It feels strange in her chest.

Alien.

Like it didn't _belong._

_Ba-bump._ It goes. _Ba-bump, ba-bump, ba-bump._

It is almost lyrical in its frequency, as if telling a story from start to finish in those single instants. But she knows it still doesn't belong. She likes the beat, likes the steady, constant sound against her ribcage, but it doesn't _belong._

It feels wrong under her skin, like the viens it sounds from are trying to carve their way out from under her flesh and leave the sack of muscle and meat behind. She does not like it--this feeling. The beat makes her feel naked, vulnerable, like someone is probing around under her skin, making her body react without her permission.

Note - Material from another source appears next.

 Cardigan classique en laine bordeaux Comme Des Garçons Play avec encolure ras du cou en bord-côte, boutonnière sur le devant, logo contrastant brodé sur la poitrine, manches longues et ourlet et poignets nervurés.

The beat isn't supposed to be there. She knows this because at first, it wasn't. There was no beat, no sound, only darkness. It was still and quiet, never making a sound. There was no _ba-bump_ , no steady hiss of blood in her veins, no trickle of sludgy fire under her skin, permeating her muscles.

With the beat comes fire and blood and _heat._

There is no noise, not at first. Only the steady hum of the beat in her ears and the rush of her mind, telling her that she was awake now; from what, she did not know. But then, slowly, her ears pick up the sound of hissing and shifting and slurring. Not at first though. It is gradual, edging its way into her skin, bones, until it works its way into her mind, ringing out against the silence she bathes herself in. The sounds...the hissing...sound strange to her mind, and sometimes--only sometimes, she gets tired easily--she tries to follow the sounds, curious.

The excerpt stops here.